National Science Foundation and National Institutes of Health have been our primary funding, a little bit here and there from DOD primarily through SBIRs and STTRs and more recently some from DARPA, very little direct from companies although I’ve had a small – tiny grant from Intuitive Surgical. I’ve actually sent more money to Intuitive Surgical by having them as a subcontractor on my brand <laughs> than the other way around.

Q:

<inaudible>

Allison Okamura:

Yeah.

Return to Stanford

Q:

How did you wind up back at Stanford?

Allison Okamura:

Oh. Yeah. So I was at Hopkins for 11 years and well, I guess the – fundamentally the reason is my husband was also a professor at Johns Hopkins and he didn’t get tenure and since I was from California, his family was originally in California, we – yeah – had the chance to move cross country. Being with family was a huge benefit so despite the fact that I had these amazing colleagues and collaborators at Hopkins yeah, we moved to Stanford in 2011 and the stars aligned and there was… the need for someone in my area there.

Q:

You’re continuing that same work for now?

Allison Okamura:

Yeah. I’m definitely in the same line of work. There’s one other thing I started at Johns Hopkins that became pretty important to me that I realize I haven’t mentioned because it was kind of on a separate track and that is doing things – well, I usually think of it as rehabilitation robotics but it was really more using robotics for neuroscience research. So I collaborated with a neuroscientist named Amy Bastian who studies patients typically that have damage to the cerebellum as well as other patient populations, and we were able to use an exoskeleton robot to help understand what is the role of certain parts of the brain in helping people control their movement. And so to do that we would examine patients that had damage to the cerebellum, look at how their movements differed from healthy people and try to decode what exactly is it with those movements and what would that say about the brain’s processing of – its ability to control movement, and that’s something that really took me much more into neuroscience research. And so as an example just transitioning to what we’re doing at Stanford is now trying to do more work that is sort of in the neuroscience domain so applying rehabilitation robotics ideas to stroke, to some work we did in prosthetics that we started at Hopkins and want to understand how can haptic feedback be used effectively by people who are using brain machine interfaces, but we’re also continuing needle steering, developing novel haptic devices for tele-operation, coming up with new medical robotic devices.

Q:

Neuroscience also informs the tactile feedback to the haptics?

Allison Okamura:

Yeah. So part of the neuroscience is understanding the… we’re interested in… now is understanding how certain aspects of a sense of touch actually contribute to sensing and motor control. So one example is if you hold your pen and you push on a hard object you feel not only force in your arm but there’s local skin stretch and so working with Will Provancher, who’s a professor at University of Utah who did a sabbatical in my lab, who’s also a former Cutkosky grad student, we developed these little skin-stretch tactors which could be used to substitute for force feedback or even you could take force feedback through a Phantom-like haptic device, add on a skin stretch and you would make people think that they were actually feeling more force than they were actually feeling. So kind of using these sort of haptic illusions and tricks are interesting ‘cause they can also make a more useful tele-operator haptic feedback system but also it’s very interesting for understanding how we process touch.

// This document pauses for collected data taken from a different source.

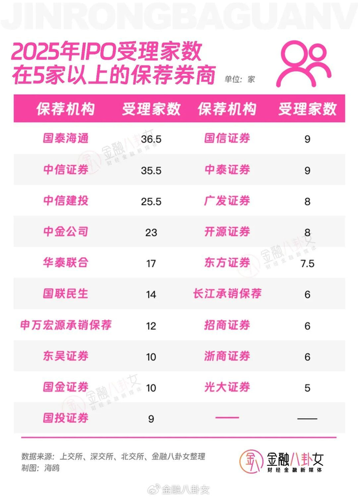 2025年共有41家券商投行有IPO项目获得受理,项目的集中度还是很高。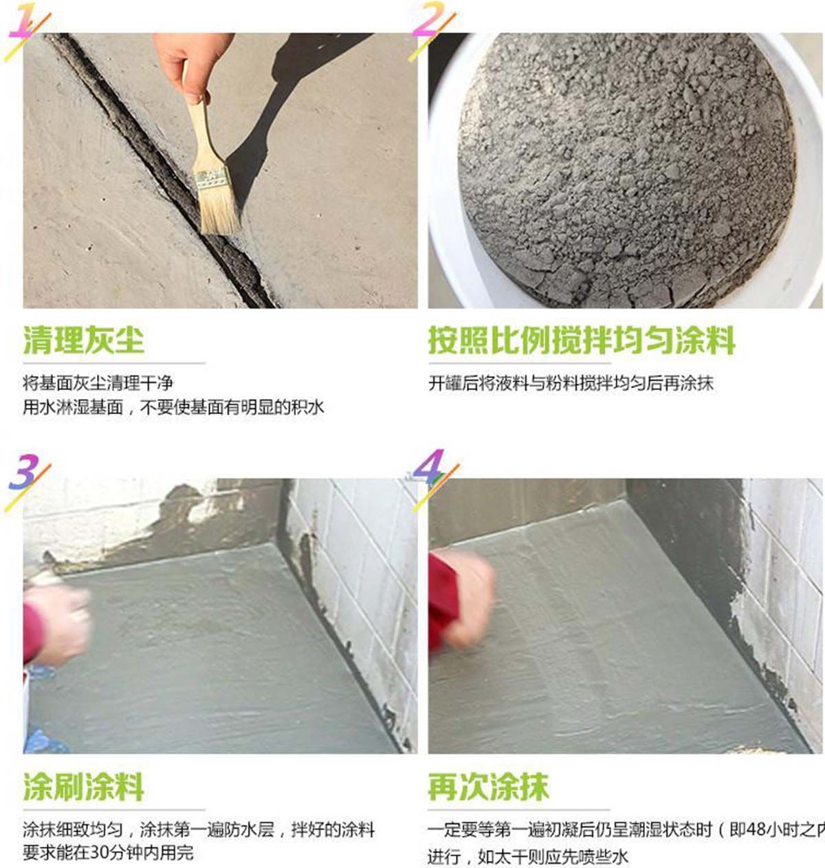 底層必須完全固化、完好、沒有灰塵,清除浮漿、油、油脂、脫膜劑及其它會(huì)影響防水效果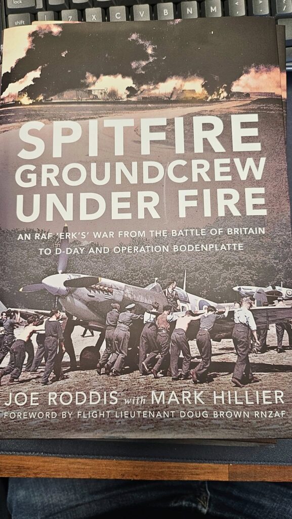 And he talks about his close connection to the late RAF groundcrew veteran Joe Roddis, who served on No. 485 (NZ) Squadron through that unit’s whole existence. No. 485 (NZ) Squadron’s time based at Westhampnett is also detailed, and also a little history of other squadrons based there and at the nearby RAF Tangmere, which Westhampnett was a satellite airfield to.

So touch – feeling forces is not just about the kinesthetics in the arm but also about what you feel locally through your skin.

Q:

You must have done some sabbaticals along the way as well. Have you –

Allison Okamura:

Yeah. So unfortunately not too much. Yeah. I was waiting to take sabbatical until my husband got tenure and we were going to go off together, but unfortunately that didn’t happen. So I wound up staying in Baltimore at Johns Hopkins for my sabbatical and I actually did my sabbatical in Amy Bastian’s neuroscience lab and so that sabbatical she really gave me the opportunity to move more into this neuroscience rehab robotics realm, which is still just a third or half of what we do, but it really opened up that field to me. And I’ve only been at Stanford for three years now as a faculty member so I haven’t taken a sabbatical there yet.

Q:

Is it different being a faculty member than a student at Stanford?

Allison Okamura:

<laughs> It is. I mean you get a very different perspective <laughs> seeing it from being a faculty member. That said, it’s actually surprising how much has not changed. There’s some great sort of mechatronics, robotics education programs that they’d put into place many years ago that are still active and done pretty much in the same way and the students still love it.

Q:

Who are you collaborating with there?

Allison Okamura:

So – let’s see – so maybe first I’ll mention at Stanford my biggest collaborative project is one of these National Robotics Initiative large projects and there’s actually no one else at Stanford on that project because it’s all over. It’s Pieter Abbeel and Ken Goldberg at Berkeley, Greg Hager at Hopkins, Blake Hannaford at University of Washington, and Jacob Rosen at UC Santa Cruz although I think he’s just about to move or has moved to UCLA. So there’s this – yeah – very big group of people that we have on this National Robotics Initiative project. Grant wise – most of my collaborations that are sort of officially funded are with folks on the medical side so MDs who are clinicians that work with us on our projects but that’s sort of off the books, just <laughs> collaborating. We’ve done some work with my former adviser, Mark Cutkosky, and Oussama Khatib also in computer science.

Q:

You mentioned some of your graduate students. Are there others who are working in robotics somehow?

Allison Okamura:

Yeah, absolutely. So in addition – so I mentioned Bob Webster at Hopkins, another Hopkins student I had that was working on needle steering, Sarthak Misra who is a professor at University of Twente, and he did a lot of really big – like how do you model the needle-tissue interaction and he’s still extremely active in the field. I mentioned Jake Abbott at University of Utah. A student that was working in the neuroscience area at Johns Hopkins is David Grow and he is at New Mexico Tech. Several of my former students in the postdoc side: So Katherine Kuchenbecker was a postdoc working on things related to touch feedback and prosthetics; she’s a professor at U Penn. Another former postdoc who worked on needle steering is Kyle Reed who is at University of South Florida and a couple of my other students and postdocs are actually at various medical robotics companies including Intuitive Surgical, which makes the Da Vinci surgical robot. And I’ve only been at Stanford for three years and so there the only Ph.D. students I’ve – student I’ve graduated is Ann Majewicz and she’s at UT Dallas. So I had several other students who graduated of course but they’re either in postdocs or at companies.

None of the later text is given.